PROBLEM DETAILS
From the records below, print only the part that opens with the line containing "Courtyard View Balcony Twin Bed Room" and closes with the line containing "Korálky set +"; omit the pictures.

DATA SHOWN
========================================

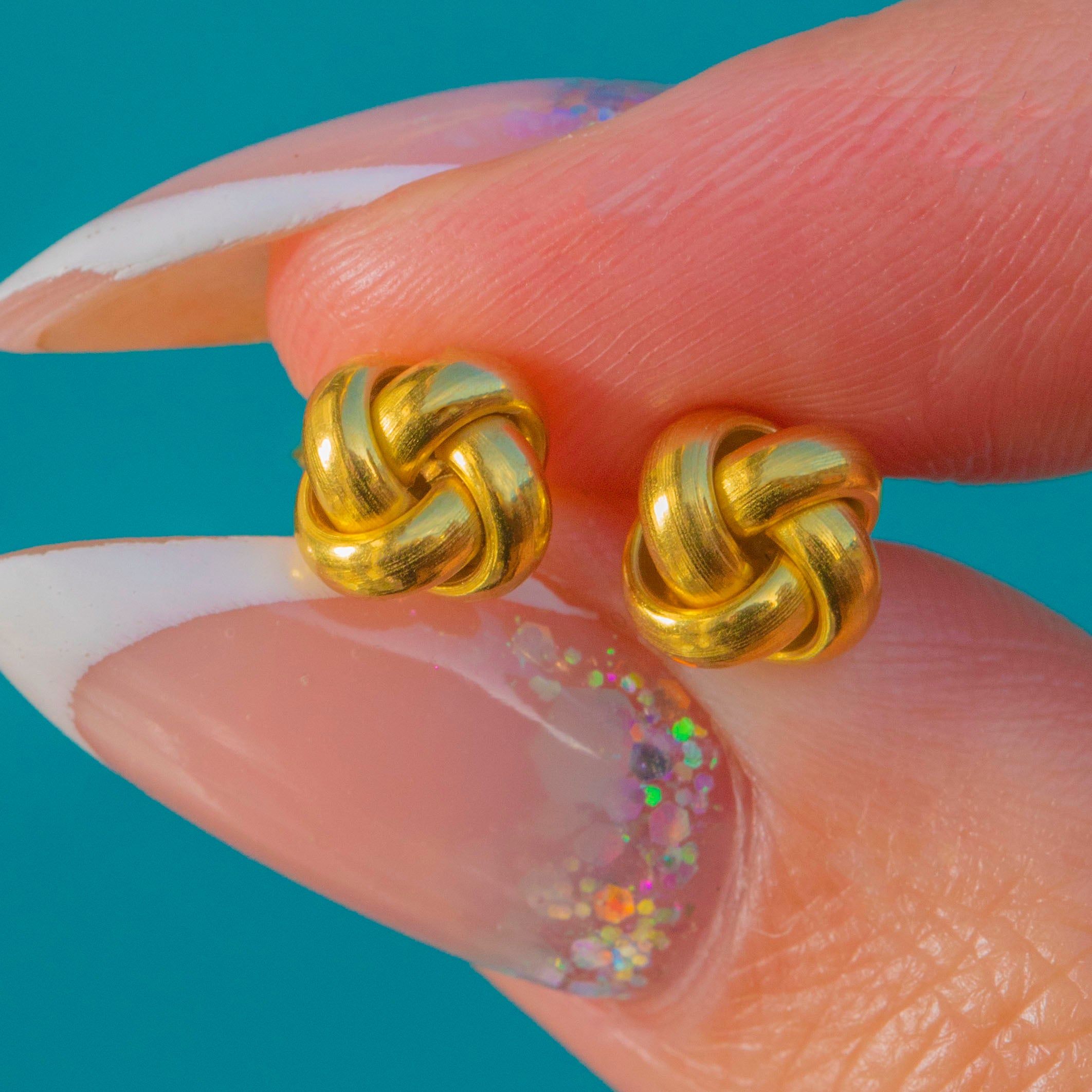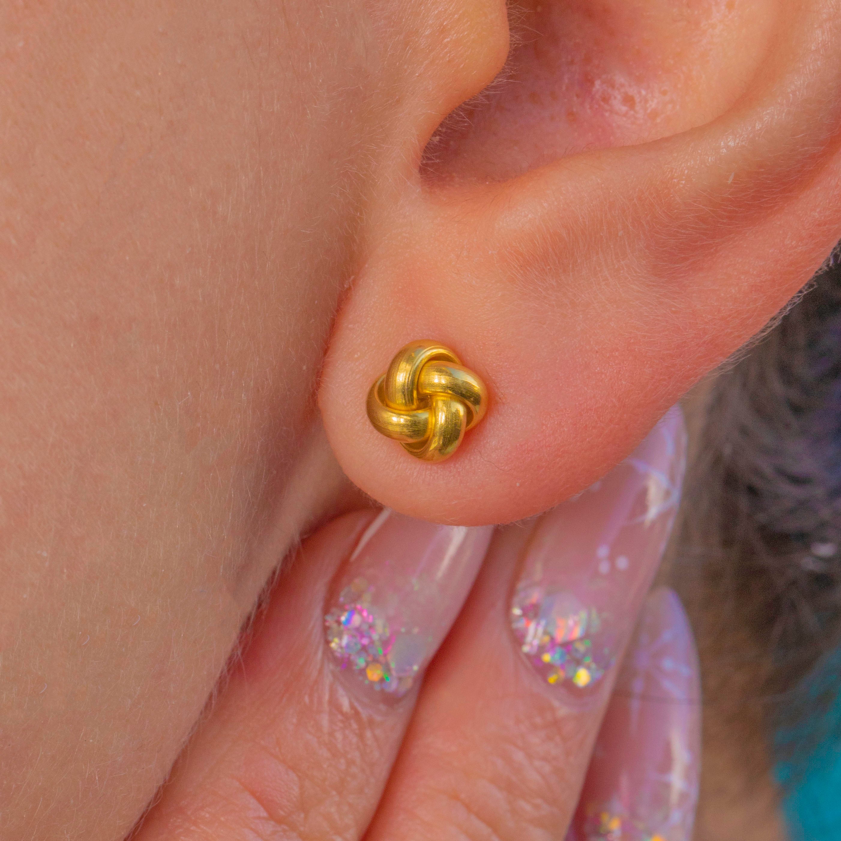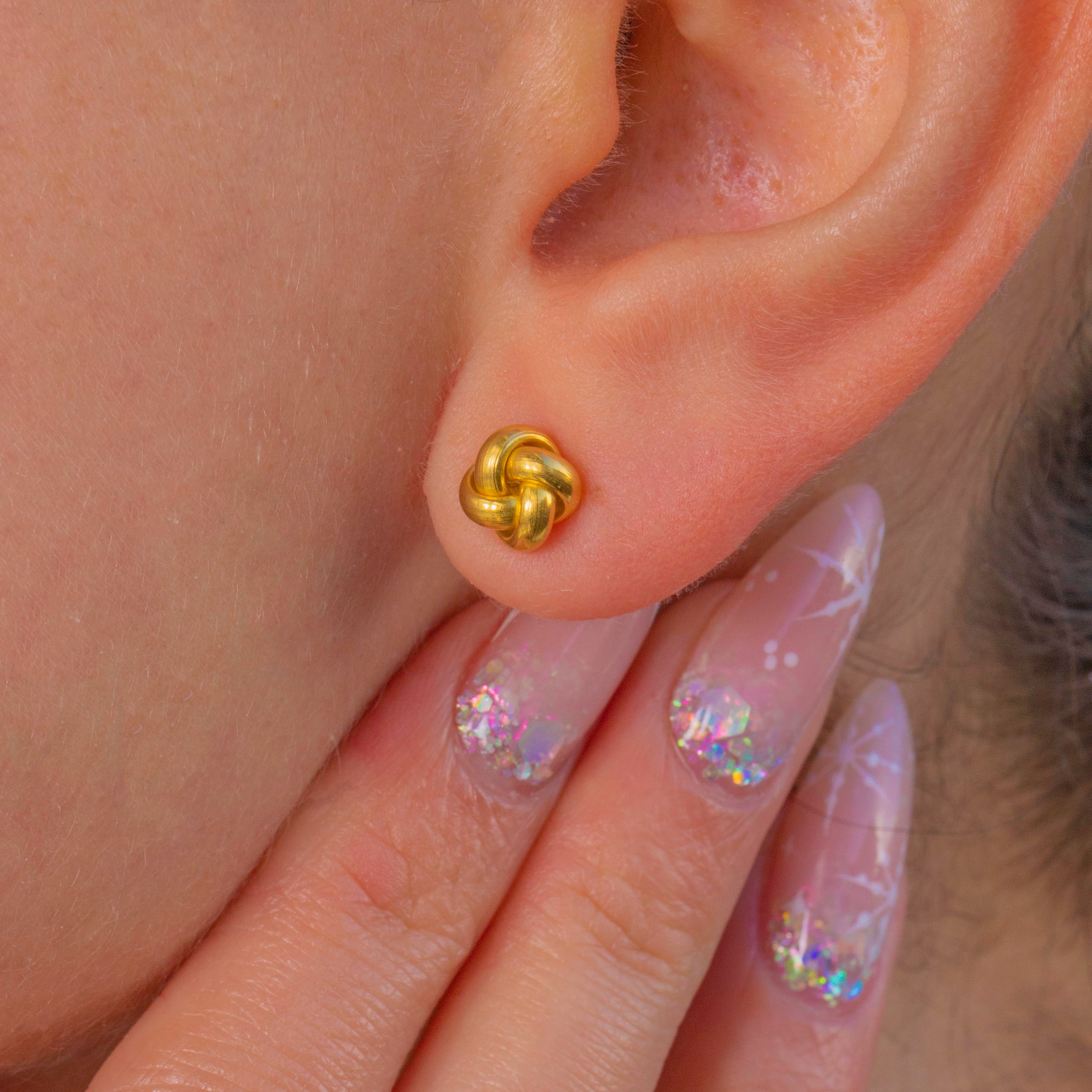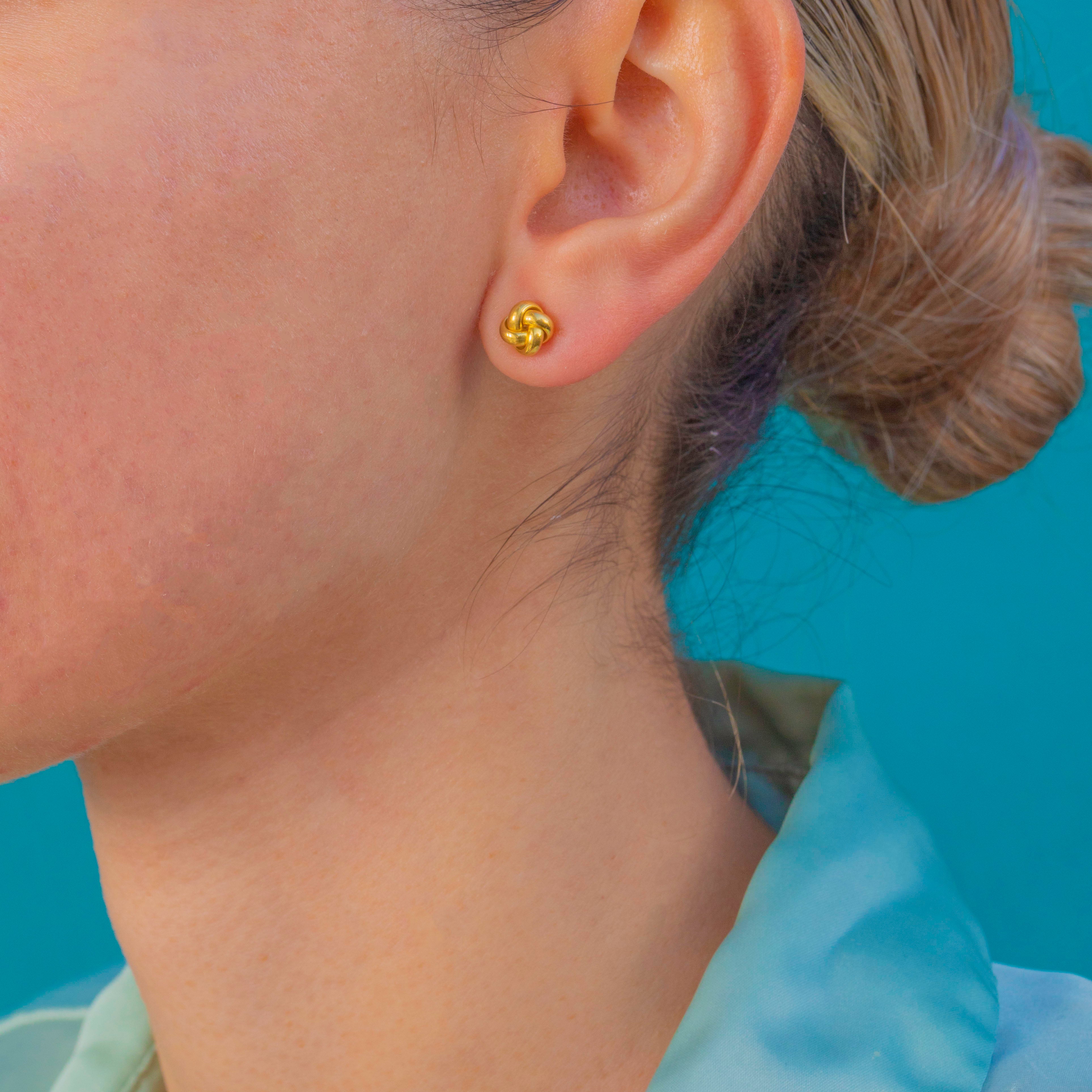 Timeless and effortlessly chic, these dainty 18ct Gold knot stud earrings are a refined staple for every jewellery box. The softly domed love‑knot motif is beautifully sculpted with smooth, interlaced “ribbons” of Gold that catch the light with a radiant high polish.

========================================

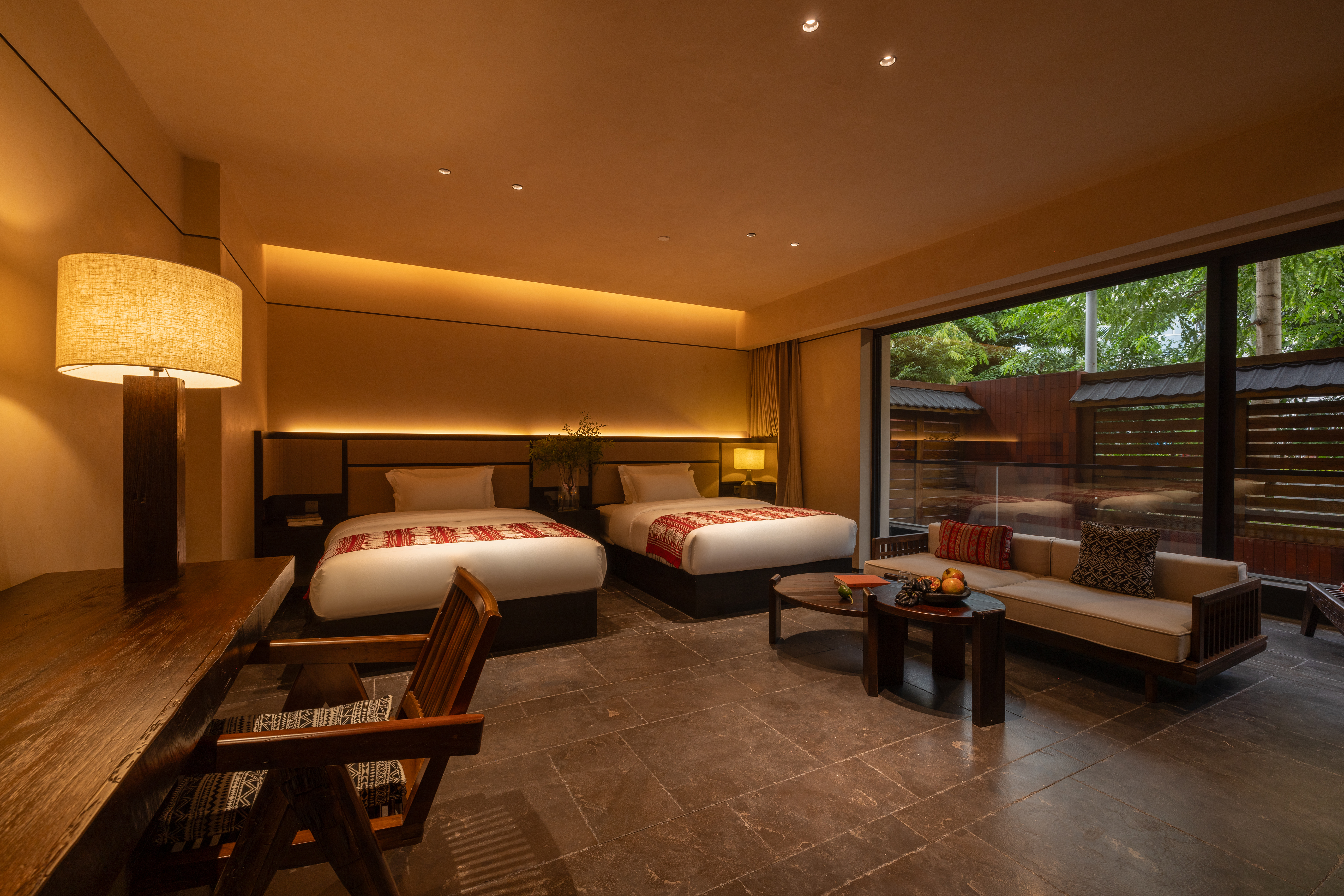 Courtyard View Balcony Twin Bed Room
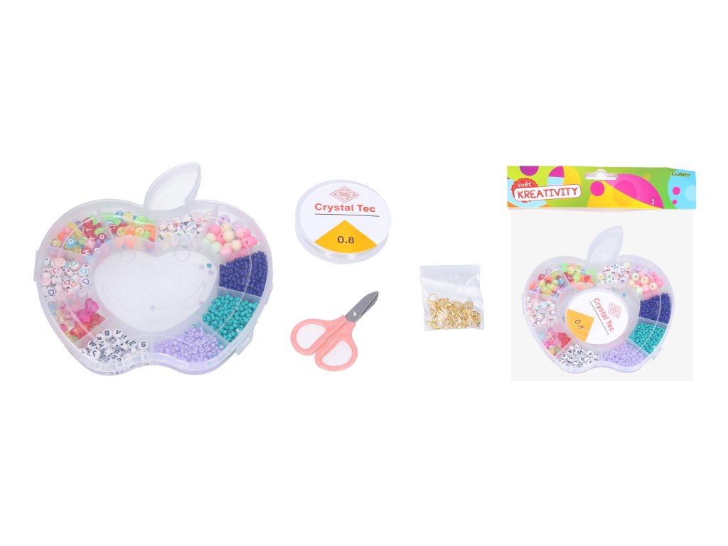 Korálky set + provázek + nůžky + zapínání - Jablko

========================================

RESPONSE TO THIS EXERCISE
 Courtyard View Balcony Twin Bed Room
 Korálky set + provázek + nůžky + zapínání - Jablko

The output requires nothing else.